> [Your goal]: What you return should be the complete listing, unchanged, with no pictures in it.

══ Dataset ══

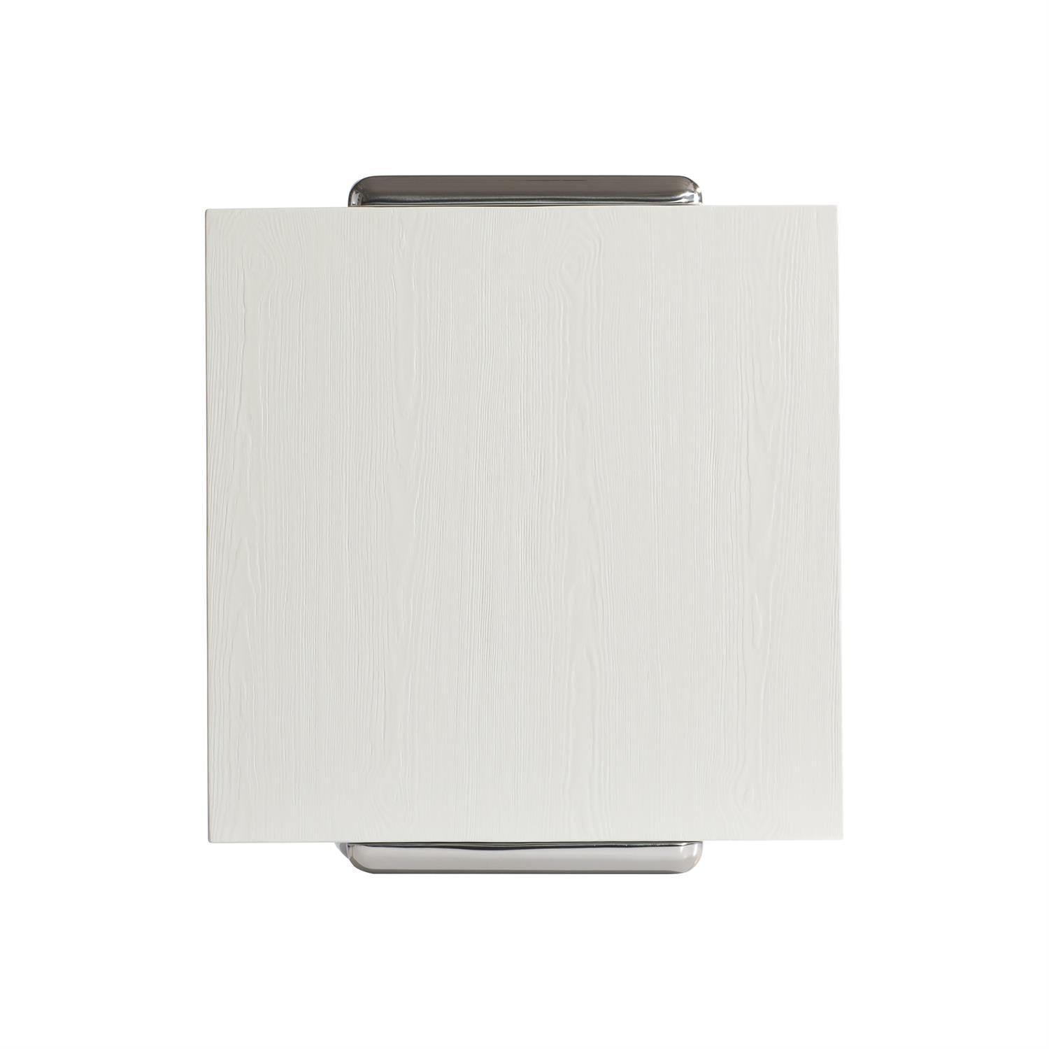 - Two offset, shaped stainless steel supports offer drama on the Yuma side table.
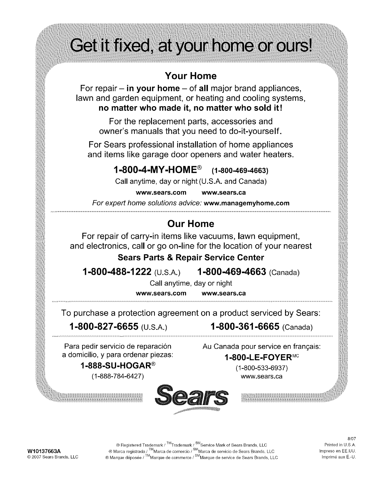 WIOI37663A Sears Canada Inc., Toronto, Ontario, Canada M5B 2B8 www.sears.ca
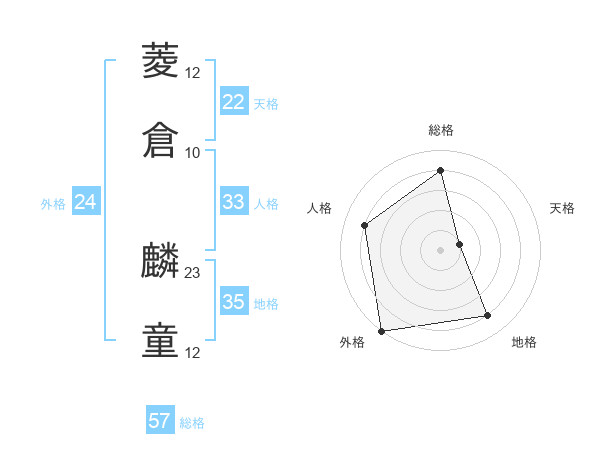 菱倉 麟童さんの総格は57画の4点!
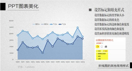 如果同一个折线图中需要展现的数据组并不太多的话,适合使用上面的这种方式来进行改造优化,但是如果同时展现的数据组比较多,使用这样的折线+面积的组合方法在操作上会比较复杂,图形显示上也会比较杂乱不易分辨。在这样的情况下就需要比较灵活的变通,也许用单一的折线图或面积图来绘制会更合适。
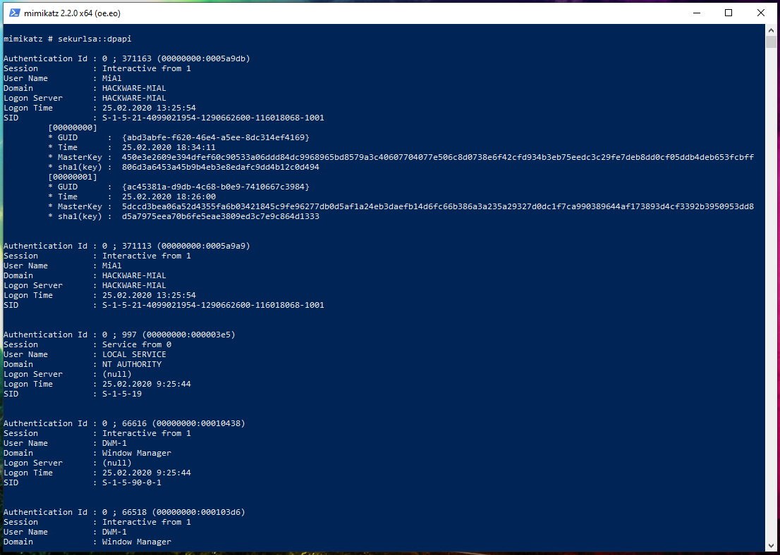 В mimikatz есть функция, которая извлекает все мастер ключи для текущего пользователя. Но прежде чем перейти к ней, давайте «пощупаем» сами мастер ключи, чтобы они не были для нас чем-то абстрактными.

═══

> [Solution]:
 - Two offset, shaped stainless steel supports offer drama on the Yuma side table.
 WIOI37663A Sears Canada Inc., Toronto, Ontario, Canada M5B 2B8 www.sears.ca
 菱倉 麟童さんの総格は57画の4点!
 如果同一个折线图中需要展现的数据组并不太多的话,适合使用上面的这种方式来进行改造优化,但是如果同时展现的数据组比较多,使用这样的折线+面积的组合方法在操作上会比较复杂,图形显示上也会比较杂乱不易分辨。在这样的情况下就需要比较灵活的变通,也许用单一的折线图或面积图来绘制会更合适。
 В mimikatz есть функция, которая извлекает все мастер ключи для текущего пользователя. Но прежде чем перейти к ней, давайте «пощупаем» сами мастер ключи, чтобы они не были для нас чем-то абстрактными.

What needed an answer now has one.